Apple Patches iOS to prevent Jailbreaks Again

Walden Systems Geeks Corner News Apple Patches iOS to prevent Jailbreaks Again Rutherford Nj New Jersey NYC New York City North Bergen County

Apple released a patch that a kernel vulnerability again after it was accidentally unpatched in iOS 12.4. The flaw, CVE-2019-8605, a use-after-free issue existing in the kernel, could enable a malicious application to execute code with system privileges in up to date iOS devices. The flaw allows phones to be jailbroken. A public jailbreak was released last week to take advantage of it on phones running the latest version of iOS.

The release of public jailbreaks, a way to get around Apple's limitations on what apps can be installed on the iPhone, are atypical, especially for up to date phones.

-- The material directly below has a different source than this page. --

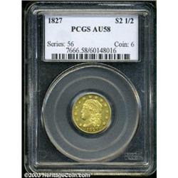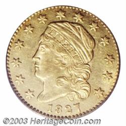<TABLE cellSpacing=0 cellPadding=0 width="100%" bgColor=#000000 border=0><TBODY><TR><TD width="100%"><TABLE cellSpacing=1 cellPadding=3 width="100%" border=0><TBODY><TR><TD width="100%" bgColor=#79735c><FONT face=arial color=#ffffff size=3><B>Description</B> </FONT></TD></TR><TR><TD width="100%" bgColor=#ffffff><FONT face=arial size=2><B>1827 $2 1/2 AU58 PCGS.</B></I> Bass-3025, Breen-6131, R.5. Surviving examples of the 2,800 quarter eagles produced in 1827 are similar in rarity to the 1826/5 despite the latter issue's lower mintage of only 760 pieces. Akers correctly asserts that the 1827 is an underrated date that is much more difficult to locate than the 1824/1 and 1825. While the typical 1827 quarter eagle is apt to show a weaker strike than its 1825 or 1826/5 counterpart, the present example is not unattractive from this viewpoint. There is slight incompleteness of detail on the hair over Liberty's head and on the left side of the shield and eagle's wing, but the balance of the features are crisply defined. A few small adjustment marks are noted at the center of the obverse. Bright yellow-golden color overall. A rarity of significant proportion that deserves special attention from advanced gold collectors.<BR><I>From The Dr. Douglas Roane Collection.</B></I> </FONT></TD></TR></TBODY></TABLE></TD></TR></TBODY></TABLE><BR><A name=PricesRealized></A><TABLE cellSpacing=0 cellPadding=0 width="100%" bgColor=#000000 border=0><TBODY><TR><TD width="100%"><TABLE cellSpacing=1 cellPadding=3 width="100%" border=0><TBODY><TR><TD width="100%" bgColor=#79735c><A name=PR><FONT face=arial color=#ffffff size=3><B>Previous Prices from Heritage Auctions</B> </FONT></A></TD></TR><TR><TD bgColor=#f6f6ed>No Prior Data Recorded </TD></TR><TR><TD bgColor=#ffffff><FONT face=arial size=1 ?>PLEASE NOTE: All prices realized reflect the final hammer price PLUS the buyer's premium in auctions that charge a buyer's premium. Each item has a notation at the top of the listing indicating whether that lot included a buyer's premium. Example: A item that sells with a final hammer price of $100 and a 20% buyer's premium will display with a price realized of $120. All information listed is intended to be as accurate as possible, but errors are possible. Please use this guide carefully and inform us of any inaccuracies. </FONT></TD></TR></TBODY></TABLE></TD></TR></TBODY></TABLE><BR><TABLE cellSpacing=0 cellPadding=0 width="100%" bgColor=#000000 border=0><TBODY><TR><TD width="100%"><TABLE cellSpacing=1 cellPadding=3 width="100%" border=0><TBODY><TR><TD width="100%" bgColor=#79735c colSpan=6><FONT face=arial color=#ffffff size=3><B>Price Guide*</B> </FONT></TD></TR><TR bgColor=#f6f6ed><TD align=middle><B>Grade</B> </TD><TD align=middle><B>Coin World<BR>(Trends)</B> </TD><TD align=middle><B>Numismedia<BR>Retail</B> </TD><TD align=middle><B>Numismedia<BR>Wholesale</B> </TD><TD align=middle><B>Coin<BR>Universe</B> </TD><TD align=middle><B>Heritage<BR>Value Index</B> </TD></TR><TR bgColor=#ffffff><TD align=middle>55</TD><TD align=right>$14,000.00</TD><TD align=right>---</TD><TD align=right>$9,125.00</TD><TD align=right>$9,650.00</TD><TD align=right>$8,938.33</TD></TR><TR style="FONT-WEIGHT: bold" bgColor=#cccfdd><TD align=middle>58</TD><TD align=right>$16,000.00</TD><TD align=right>---</TD><TD align=right>$13,500.00</TD><TD align=right>---</TD><TD align=right>$10,957.00</TD></TR><TR bgColor=#ffffff><TD align=middle>60</TD><TD align=right>$20,000.00</TD><TD align=right>---</TD><TD align=right>$16,250.00</TD><TD align=right>$16,750.00</TD><TD align=right>$12,925.00</TD></TR><TR bgColor=#ffffff><TD colSpan=6><FONT size=1>*All information listed is intended to be as accurate as possible, but errors are possible. No item may be returned or refused based on this information which is provided as a service to our customers. You should contact each pricing source directly to determine the accuracy of this information. </FONT></TD></TR></TBODY></TABLE></TD></TR></TBODY></TABLE><BR><TABLE cellSpacing=0 cellPadding=0 width="100%" bgColor=#000000 border=0><TBODY><TR><TD width="100%"><TABLE cellSpacing=1 cellPadding=3 width="100%" border=0><TBODY><TR><TD width="100%" bgColor=#79735c><FONT face=arial color=#ffffff size=3><B>Population Guide</B> </FONT></TD></TR><TR bgColor=#ffffff><TD align=middle><!-- Begin Output of Population Grid--><TABLE cellSpacing=0 cellPadding=0 width="100%" border=0><TBODY><TR><TD vAlign=center><TABLE cellSpacing=0 width="100%" border=1 cellsadding="3"><TBODY><TR><TD vAlign=center><TABLE cellSpacing=0 cellPadding=3 width="100%" border=1><TBODY><TR><TD vAlign=center align=middle bgColor=#f0f1e8 colSpan=2 <CENTER><FONT face=Arial size=2><B>PCGS Pop </B></FONT><CENTER></CENTER></TD><TD vAlign=center align=middle bgColor=#f0f1e8 colSpan=2><CENTER><FONT face=Arial size=2><B>NGC Pop</B></CENTER></FONT></TD></TR><TR><TD vAlign=center><FONT face=Arial size=2>(58)</FONT> </TD><TD vAlign=center align=right><FONT face=Arial size=2>3</FONT> </TD><TD vAlign=center><FONT face=Arial size=2>(58)</FONT> </TD><TD vAlign=center align=right><FONT face=Arial size=2>4</FONT> </TD></TR><TR><TD vAlign=center><FONT face=Arial size=2>(>58)</FONT> </TD><TD vAlign=center align=right><FONT face=Arial size=2>14</FONT> </TD><TD vAlign=center><FONT face=Arial size=2>(>58)</FONT> </TD><TD vAlign=center align=right><FONT face=Arial size=2>16</FONT> </TD></TR></TBODY></TABLE></TD></TR></TBODY></TABLE></TD></TR></TBODY></TABLE><!-- End Output of Population Grid--> Important notice: Heritage usually auctions material at the rate of 200-250 lots per hour. On some occasions eBay Live bid software or the Internet may not be able to keep up with the pace of the auction. We recommend placing a realistic absentee bid now as insurance to avoid disappointment. Occasionally the auctioneer may eliminate or reject an eBay Live bid, and the auctioneer may also reopen a lot after the close of the eBay live bidding (usually because we missed an audience bid), and ma

Jailbreaks are useful for those that want to install custom code, add features or perform security research outside the Apple ecosystem.


The bug was discovered by Google Project Zero researcher Ned Williamson, who after the initial patch published an exploit for iOS 12.2, which he called SockPuppet. Sockpuppet uses the vulnerability to achieve the kernel_task port on iOS 12.2 on [the]iPhone 6S+.

Apple patched the vulnerability in a May update, but it's most recent operating system update, iOS 12.4, accidentally unpatched the fix. Then, on Aug. 18 a hacker under the alias Pwn20wnd on Github released various jailbreaks for the latest version of iOS, based on SockPuppet.